Mrs. Wright sounded more forceful, almost unwillingly eager. “I've always thought, ever since we moved up here, that it would be a wonderful chance to meet you people and
really
find out what happened, because of course there's always that one question, the one nobody has ever been able to answer; of course I hardly expected to
talk
to you about it, but look.” There was the sound of a dining-room chair being moved; Mrs. Wright had clearly decided to settle down. “First,” she said, “she bought the arsenic.”
“To kill rats,” Constance said to the teapot, and then turned and smiled at me.
“To kill rats,” Uncle Julian said. “The only other popular use for arsenic is in taxidermy, and my niece could hardly pretend a working knowledge of that subject.”
“She cooked the dinner, she set the table.”
“I confess I am surprised at that woman,” Helen Clarke said. “She seems such a quiet little body.”

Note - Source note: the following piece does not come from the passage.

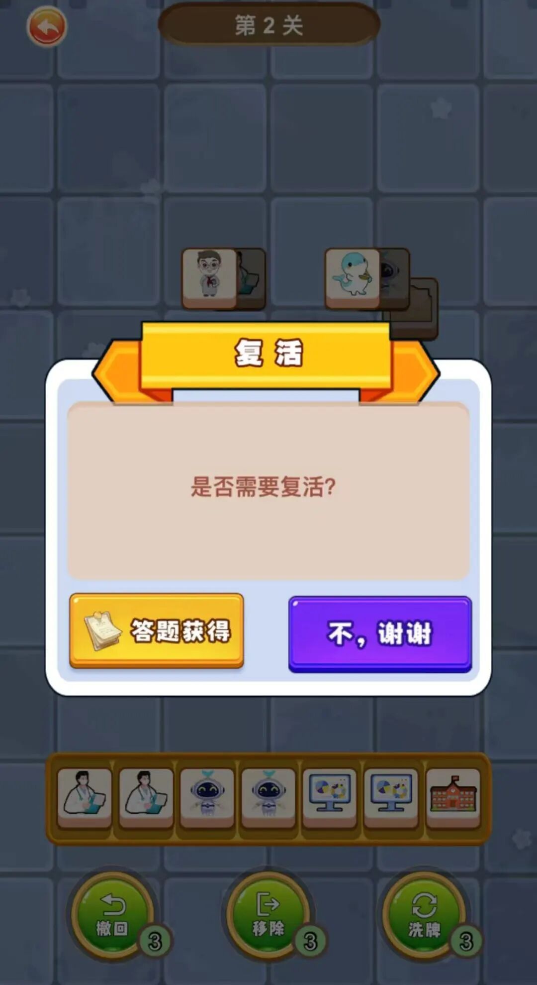 2.闯关失败别慌!回答反邪题目获取“撤回”“移除”“洗牌”等游戏道具以及复活资格,答对一题即可“续命”!边玩边学,轻松成为反邪知识达人。

“It was Constance who saw them dying around her like flies—I do beg your pardon—and never called a doctor until it was too late. She washed the sugar bowl.”
“There was a spider in it,” Constance said.
“She told the police those people deserved to die.”
“She was excited, madam. Perhaps the remark was misconstrued. My niece is not hard-hearted; besides, she thought at the time that I was among them and although I deserve to die—we all do, do we not?—I hardly think that my niece is the one to point it out.”
“She told the police that it was all her fault.”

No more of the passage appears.